__The records__
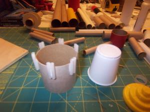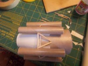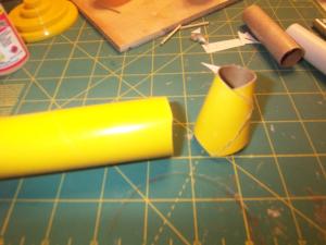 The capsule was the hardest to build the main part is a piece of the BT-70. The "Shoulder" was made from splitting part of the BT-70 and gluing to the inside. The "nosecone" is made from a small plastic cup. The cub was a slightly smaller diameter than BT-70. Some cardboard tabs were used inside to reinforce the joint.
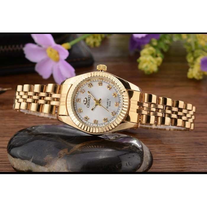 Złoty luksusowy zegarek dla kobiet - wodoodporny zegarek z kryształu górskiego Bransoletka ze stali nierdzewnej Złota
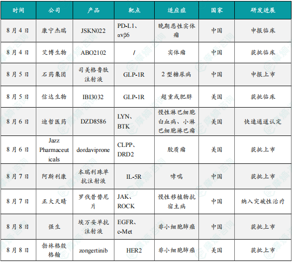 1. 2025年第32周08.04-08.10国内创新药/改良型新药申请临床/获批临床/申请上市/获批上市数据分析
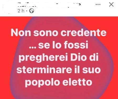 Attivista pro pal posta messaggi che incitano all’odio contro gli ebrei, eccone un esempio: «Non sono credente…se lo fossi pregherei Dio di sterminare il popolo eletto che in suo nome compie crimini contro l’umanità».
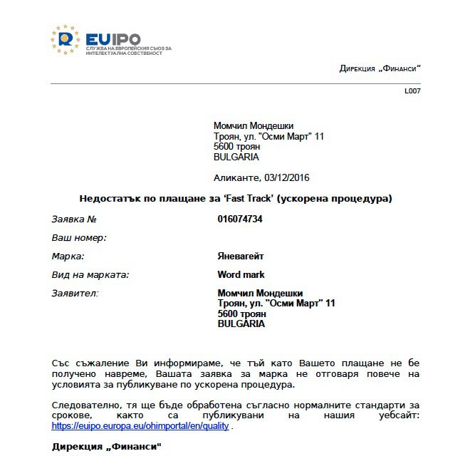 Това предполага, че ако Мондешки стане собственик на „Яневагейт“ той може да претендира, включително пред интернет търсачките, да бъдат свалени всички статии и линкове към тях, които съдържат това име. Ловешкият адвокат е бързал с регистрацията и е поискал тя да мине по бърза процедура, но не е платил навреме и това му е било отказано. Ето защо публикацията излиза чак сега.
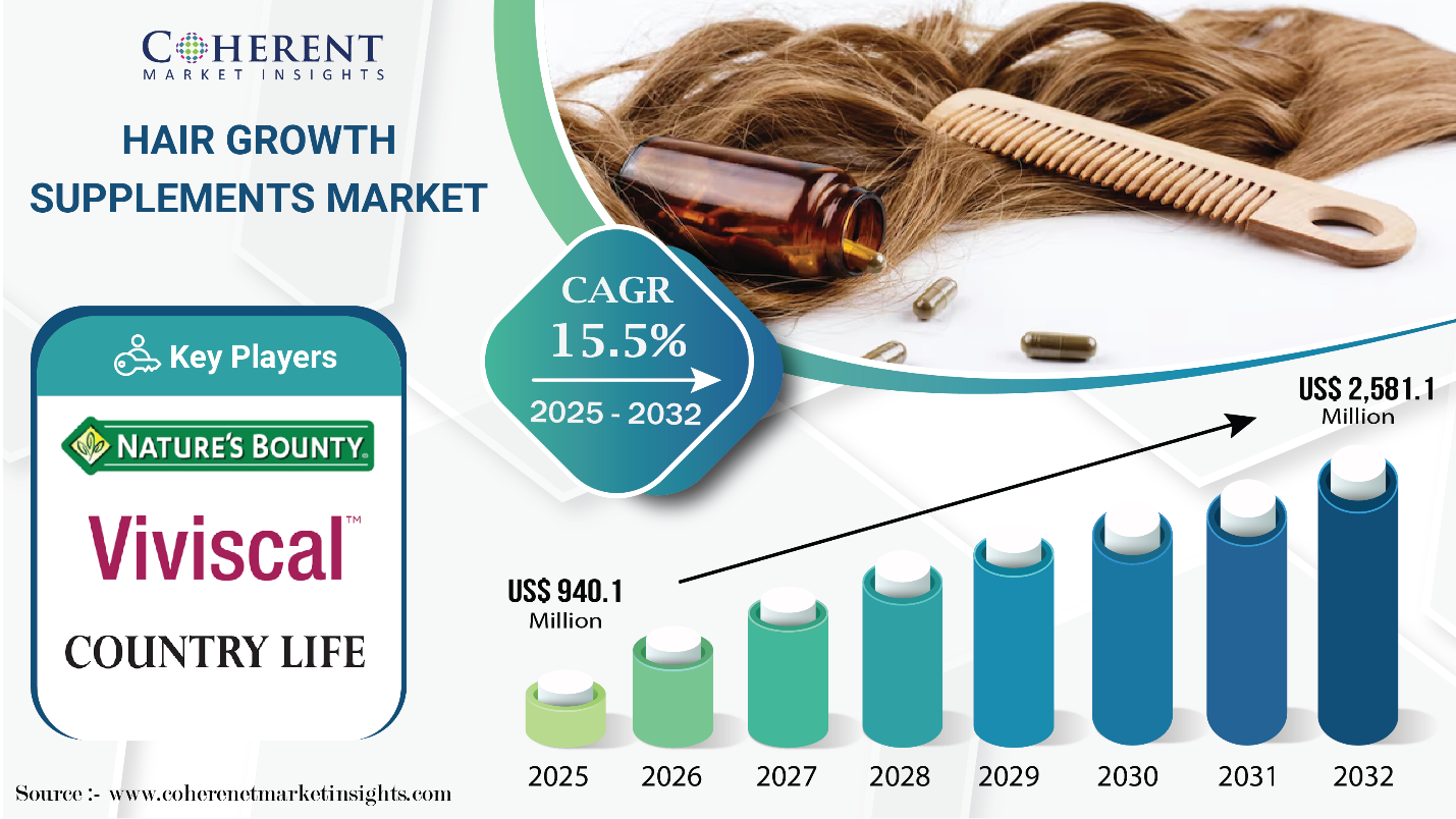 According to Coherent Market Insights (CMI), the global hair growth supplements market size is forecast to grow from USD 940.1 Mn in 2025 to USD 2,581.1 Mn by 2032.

__Instructions for the task__
Copy out, exactly and without pictures, each line from the one containing "Złoty luksusowy zegarek" through the final line of the entries, both ends included.

__Task output__
 Złoty luksusowy zegarek dla kobiet - wodoodporny zegarek z kryształu górskiego Bransoletka ze stali nierdzewnej Złota
 1. 2025年第32周08.04-08.10国内创新药/改良型新药申请临床/获批临床/申请上市/获批上市数据分析
 Attivista pro pal posta messaggi che incitano all’odio contro gli ebrei, eccone un esempio: «Non sono credente…se lo fossi pregherei Dio di sterminare il popolo eletto che in suo nome compie crimini contro l’umanità».
 Това предполага, че ако Мондешки стане собственик на „Яневагейт“ той може да претендира, включително пред интернет търсачките, да бъдат свалени всички статии и линкове към тях, които съдържат това име. Ловешкият адвокат е бързал с регистрацията и е поискал тя да мине по бърза процедура, но не е платил навреме и това му е било отказано. Ето защо публикацията излиза чак сега.
 According to Coherent Market Insights (CMI), the global hair growth supplements market size is forecast to grow from USD 940.1 Mn in 2025 to USD 2,581.1 Mn by 2032.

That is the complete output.